After all – we cut our teeth on our first novel. We learn grammar we forgot when we were twelve and we learn about hooks and plot devices and discipline and story arcs.  We fight to make our characters real and their journey believable.  Our first novel teaches us that we’ve got what it takes.  Shouldn’t the accomplishment of writing a cohesive ninety-thousand word first novel be enough?  After all, how many people, determined to dedicate themselves to that novel inside them, never get around to it?

The problem is, I sorta kinda fell in love with my protagonists and I can’t abandon them.  I lived with Maggie, Ben and their families for over a year.  I watched their story take shape.  How can I turn my back on them, even as I plunge into the second book?  Is it possible to bring Maggie’s story to a level where an agent may take an interest while working on The Growing Season?  Is it possible to date two people at the same time?  I don’t know, but I can find out.  Because here’s the thing – as much as I love hanging out with Cora and Rose (the protagonist and her sister from The Growing Season) I can’t stop thinking about Maggie and how badly she wanted to fly.  Don’t I have a responsibility to make sure she does?

When I began to write the story about Maggie and her romance with Ben Nakada at the start of World War II (she joins the Women’s Airforce Service Pilot and he is interned until they reunite in 1945) friends were eager to ask ‘how’s the book going‘.  And I usually answered ‘not bad’ or ‘plugging away‘ or sometimes – rarely – ‘I don’t want to talk about it‘.

When I declared the book ‘finished’ I headed to the San Francisco Writer’s Conference and piqued the interest of a few agents.

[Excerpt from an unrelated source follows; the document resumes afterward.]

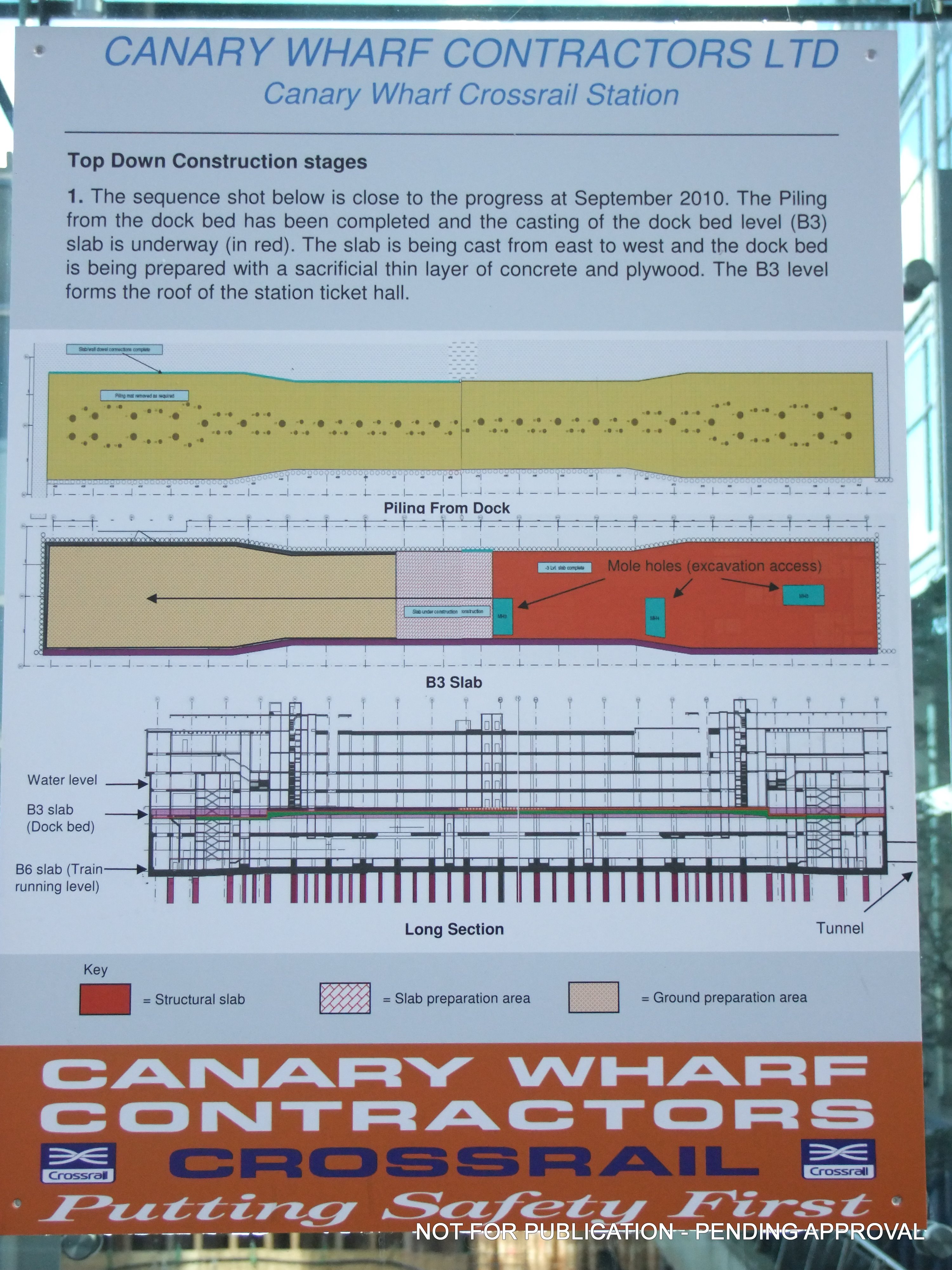This basic methodology is being used to construct the station box at Canary Wharf. The station is however being constructed in an existing water filled dock and the commencing surface is actually around the dock floor level. Significant enabling works was required by way of a watertight cofferdam formed from tubular steel piles tied back to external anchor piles. A temporary access deck above the dock and ramp down into the cofferdam provides access to the commencing surface. The illustration below – taken from a project information board – gives an indication of the stages.

Friends then asked,  ‘When’s it comin’ out‘ or  ‘Is it published‘  and the wonderful ‘Have you sold the movie rights yet‘.

But they grew tired of hearing me say ‘No, not yet…I’m revising…it’s resting for a while‘.  And they were definitely bored when I tried to explain how difficult it is to find an agent and to have a book published – that it can take years.  My very well-meaning and supportive friends (and I mean that – thank you!) began to suggest self-publishing.  But my reasons for avoiding self-publishing will wait for another blog post.

And so, here I am, almost three years from the day I walked into the writing group at Avenidas and said, “I know this woman who was a WASP…”

Fortunately, it’s that time of year when life’s pace slows.  Four of the yoga classes I teach are approaching a month-long hiatus.  I’ll have a few spare hours in the week to look over my research, read Maggie’s story for the first time in almost eight months, and decide, once and for all, what my next step should be.  My heart wants her to fly.